Best She Ever Had (9781617733963)
Page 10
It had been a long flight, and thanks to Cynthia’s antics and their argument, he hadn’t gotten a lick of sleep while on the plane. He wouldn’t get any rest once they arrived at the hotel either because they had to immediately start looking for the kids. In short, he was exhausted and not in the mood for Cynthia’s crap right now.
“I’m just saying that you two get along well,” she replied a little too loudly. “I mean, I wish I could call my ex at one o’clock in the morning and say ‘hey’ and have him—”
“I didn’t call her at one o’clock in the morning to say ‘hey’!” he snarled, reaching the end of his rope. “If you’re going to eavesdrop, make sure you do it right! I called her to find a way to help track down Jared and Clarissa. It’s another tool we can use.” He shook his head in bewilderment. “I wish you would get the hell over whatever grudge you have against Vivian. It’s getting pretty old!”
“Whatever grudge? Whatever grudge? You know damn well she insulted my mother and we got into a fistfight once! How could I not hold a grudge against her, Korey?”
“You two were teenagers when all that happened. Not to mention that you won the fight!”

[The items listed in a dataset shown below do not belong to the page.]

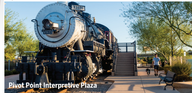
Pivot Point Interpretive Plaza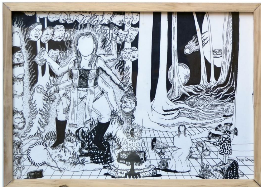
Darah Halal , 50 x 35cm, 2016, Drawing pen on paper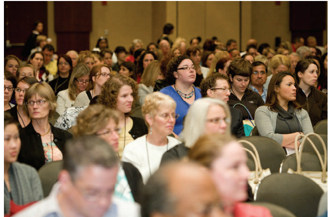
NAF members attend the Opening Plenary at NAF's Annual Meeting in Philadelphia, PA.

Our Annual Meeting once again featured a national workshop for advanced practice clinicians (nurse practitioners, physician assistants, and certified nurse-midwives). The workshop featured Providing Abortion Care: A Professional Toolkit for Nurse-Midwives, Nurse Practitioners, and Physician Assistants developed by NAF, the Abortion Access Project (AAP) and Advancing New Standards in Reproductive Health (ANSIRH) of UCSF. Sessions focused on scope of practice, advocacy, skills building, as well as accredited sessions on medical abortion and ultrasound.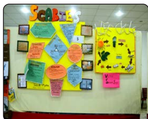
The Second part of the ceremony was poster competition/exhibition by the students. Shown above are the price winning posters. 1st Prize for "Malaria" by 4th Year MBBS, 2nd Prize "Lice are not Nice" while poster on "Scabies" won the 3rd Prize.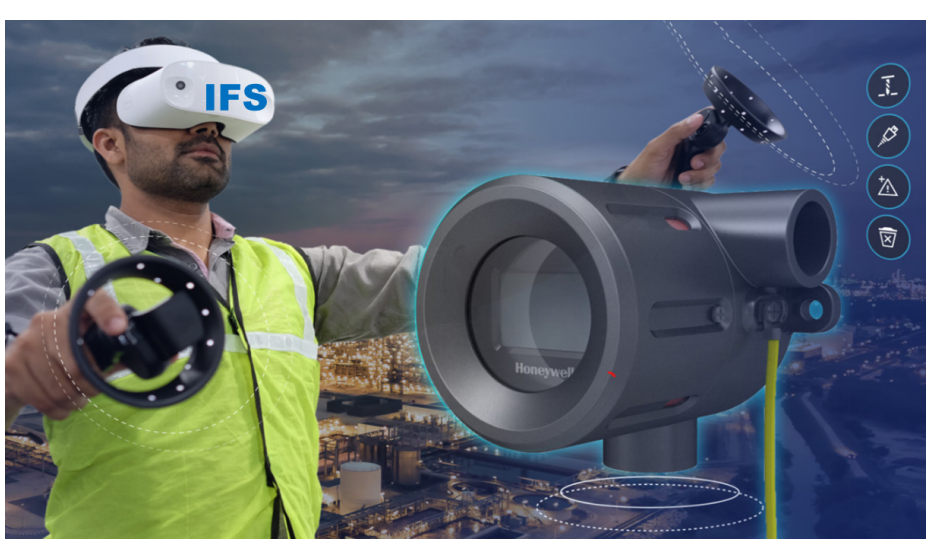
Fig 4: Experts can manage activities remotely and safely in the virtual environment.

For a more objective approach and added insights, we supplement traditional self-assessment and supervisor reviews with data analysis of on-the-job performance to identify gaps in knowledge and skills. Drawing value from your plant data, Honeywell pinpoints the tasks where trainees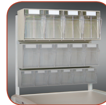
Tilt Bin Organizer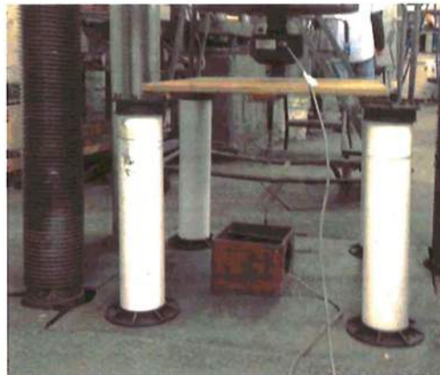
Photo No.1 General Test Setup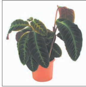
Calathea ornata EUR 7.00 Code 016.600.190.000 (30x30x40 cm)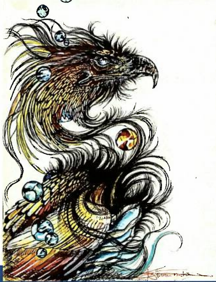
Surrealart: pencil drawing 20x29 inches

Hailing from Switzerland, I discovered my passion for animal conservation inspired by my mother's lifelong dedication. My deep connection with animals fuels my art, expressing the world's light and darkness through a Surrealistic lens. Despite studying medicine, my artistic calling persisted, merging with activism. Now, I use my creativity to speak for the voiceless and fight for our planet's protection. Art transcends language, touching souls and holding the power to change the world.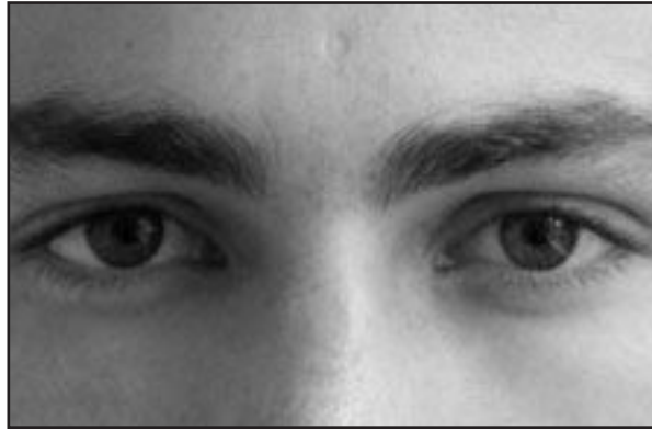
we are lovers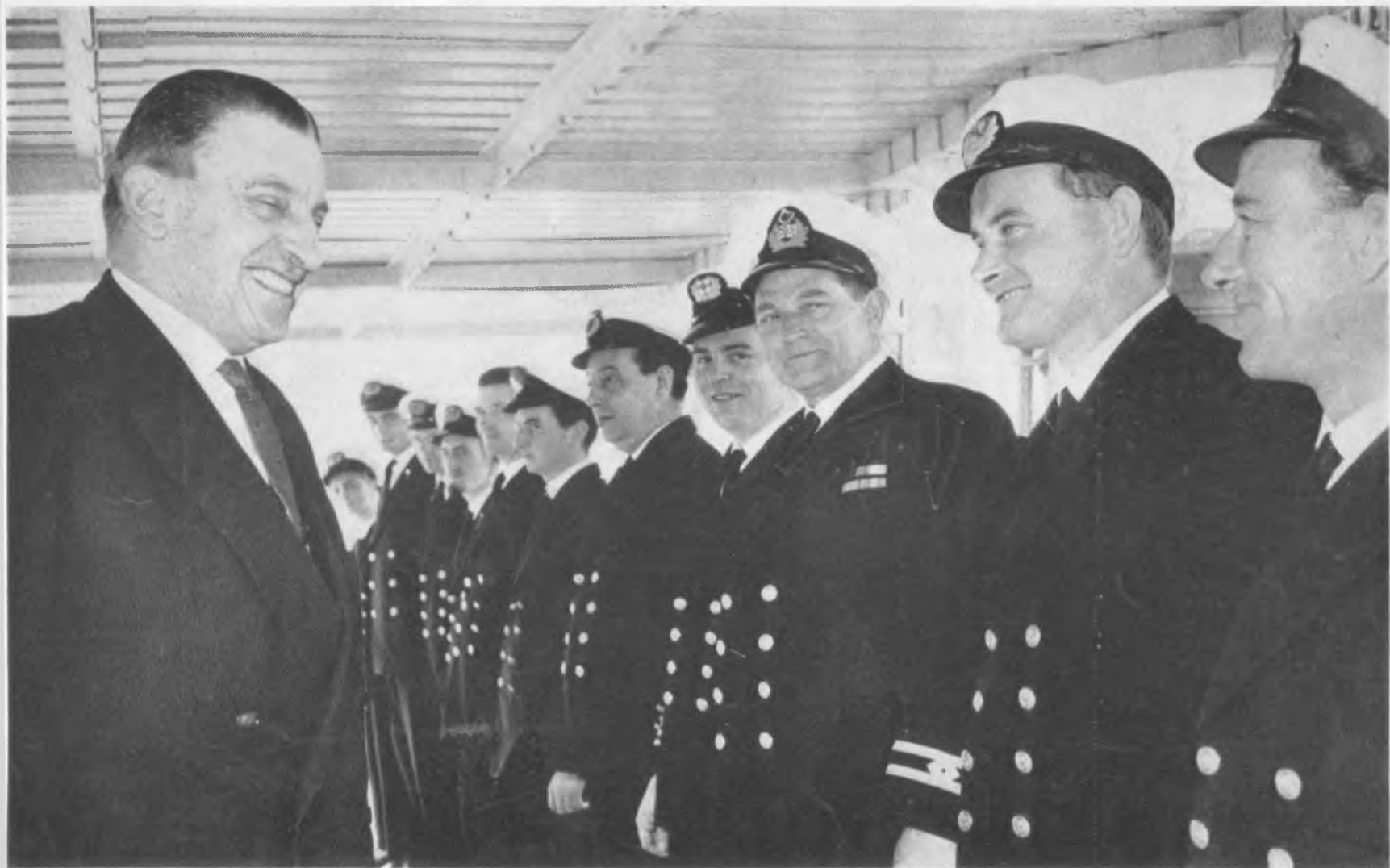
Mr. Lemass visited the "Irish Sycamore" when the vessel made its first call to Dublin in May, 1962.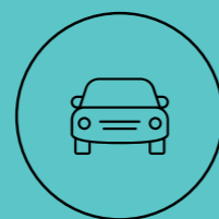
Mobile ANPR (LPR)

Enforcement Deputy™, is already being used by law enforcement agencies throughout Asia and the Middle East, providing safety and security with increased efficiency, while saving money and lives.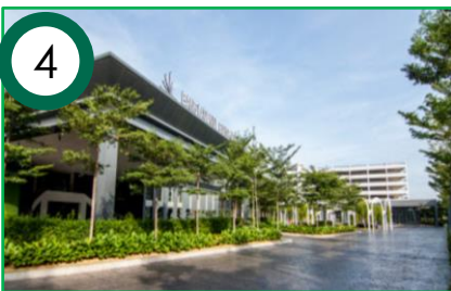
BANGI AVENUE CONVENTION CENTRE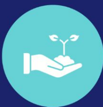
Environmental impact assessment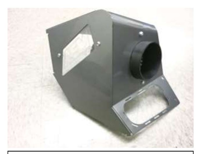
e. Install the AEM filter with velocity stack onto the air box. Refer to the exploded view for the appropriate hardware.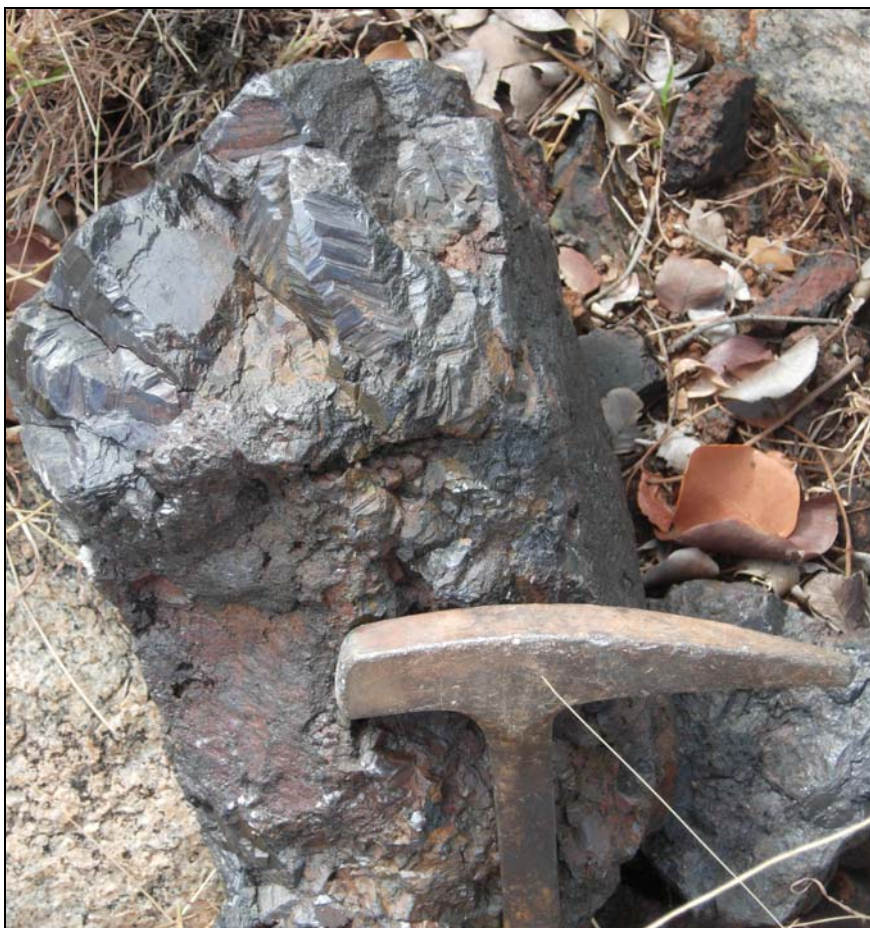
Plate 3: Detailed view of very coarse-grained magnetite crystals

“You’re damn right I did! No one disrespects me or my family, and I let that bitch know it!”
From anyone else, a statement like that would have been empty bravado, but from Cynthia Gibbons it was totally the truth. That day back in 1994 she did let Vivian know she wouldn’t be disrespected—and she did it with her fists . . .
Korey remembered that day vividly. In fact, it was how the two lovers finally got acquainted.
He had known Cynthia Gibbons most of his life, but they were never friends. She was the aloof, almost bitchy pretty girl he had secretly lusted after, like most of the boys in town. Outside of the occasional flirting, Cynthia wouldn’t date or take any of the guys at school seriously. She played with them like a cat would a ball of yarn. She was much more interested in older men who drove nice cars, could take her out to fancy restaurants in the city, and buy her whatever her young gold-digging heart desired.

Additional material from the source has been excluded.